Lopez, along with her 2-year-old daughter, is taking sanctuary at the church parsonage, after the church’s congregation decided offered sanctuary to undocumented immigrants in March. While she is living at the church parsonage, she’s unable to work, and she cannot go outside.
“Offering sanctuary to Sandra is an expression of our faith,” Reverend Shawna Foster, Minister at Two Rivers Unitarian Universalist, wrote in a statement. “We seek to unify community towards common goals of peace and justice. We need immigration reform so that this valley can stay together – deportations tear us and our families apart. Spiritually, we must always act in ways that uphold the inherent worth and dignity of each person. Offering sanctuary is to offer a way for those in power to consider justice, not legalities.
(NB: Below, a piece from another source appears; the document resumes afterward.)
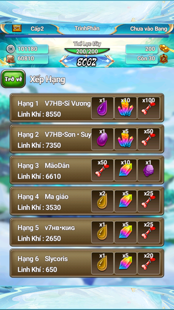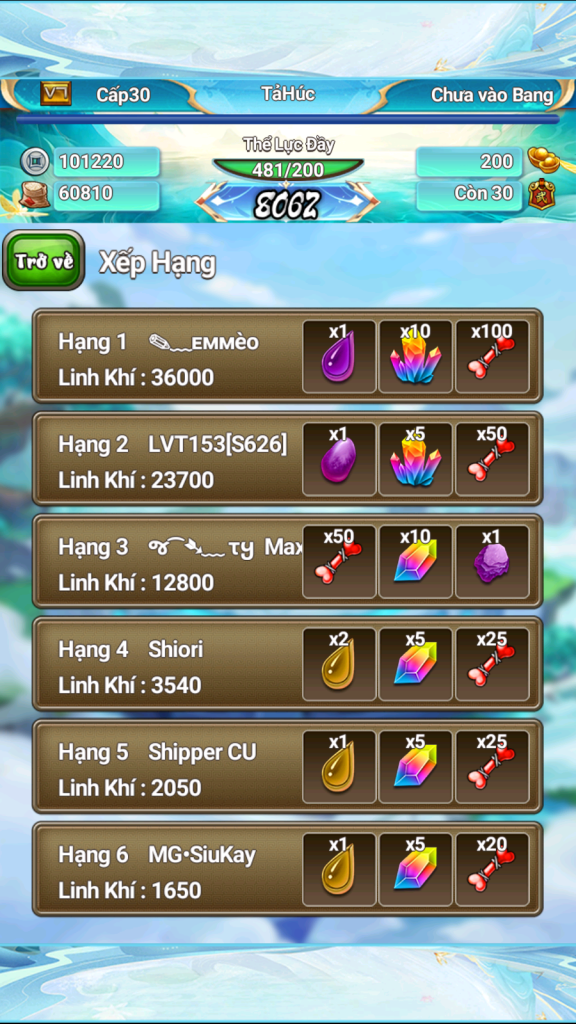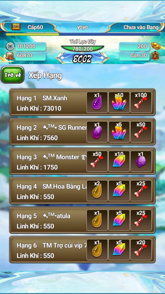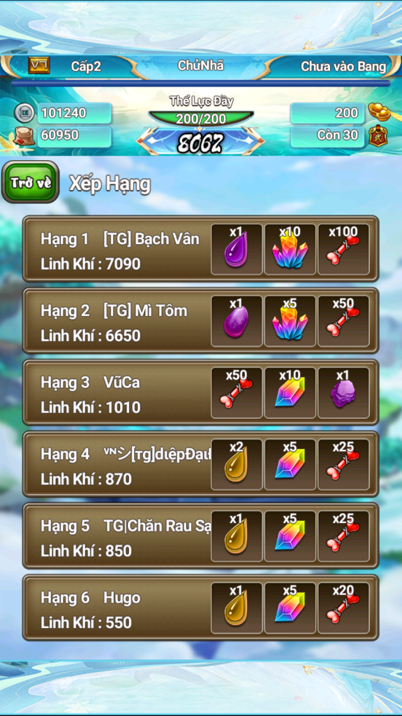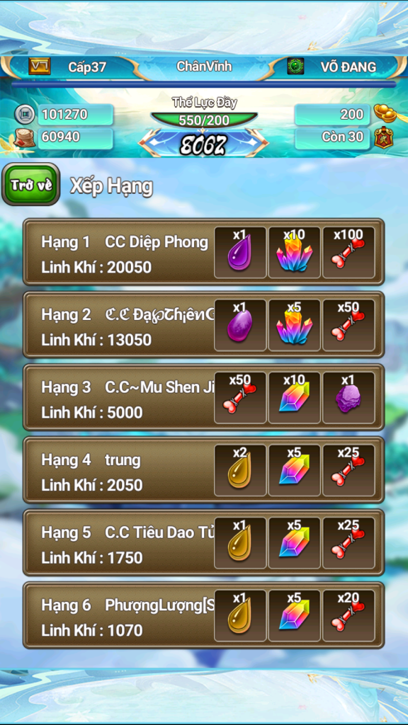 Xin được chúc mừng 3 vị sư huynh có số điểm tụ linh cao nhất sẽ nhận được phần thưởng đua top sự kiện!

“By taking sanctuary, I am showing my face. I am not running, I am not hiding. I’m fighting for my family, and all the immigrant families facing separation due to an unjust system,” Lopez said in a written statement. “We need to unite, come together as a community to protect each other, to keep fighting for humanitarian relief and humanitarian application of immigration laws. I’m fighting for my children, to be with them and with my husband. In these times, it’s difficult to maintain strong families for so many reasons; why would our government be attempting to separate us when we are working to provide a good home and life for our children? I don’t understand it, and I feel it deeply in my heart.”
“We need this system to be fixed, this immigration system that has been broken for many, many years. And now under the administration of Trump it is even harder,” she said Tuesday.
Mexico, with all of its violence, is not a good place for children, said Lopez. “Of the thousands of people being deported, so many of them are losing their lives because of that violence.”
“They can block my dreams, but they cannot diminish the spirit of a mother, because she loves her children,” Lopez said Tuesday.
“It’s not easy for me to stay over here…and for my family, it’s not fair,” she said through tears. “Because I’m not criminal people…I’m not running. I’m not hiding. They know where I am. They know where I am.”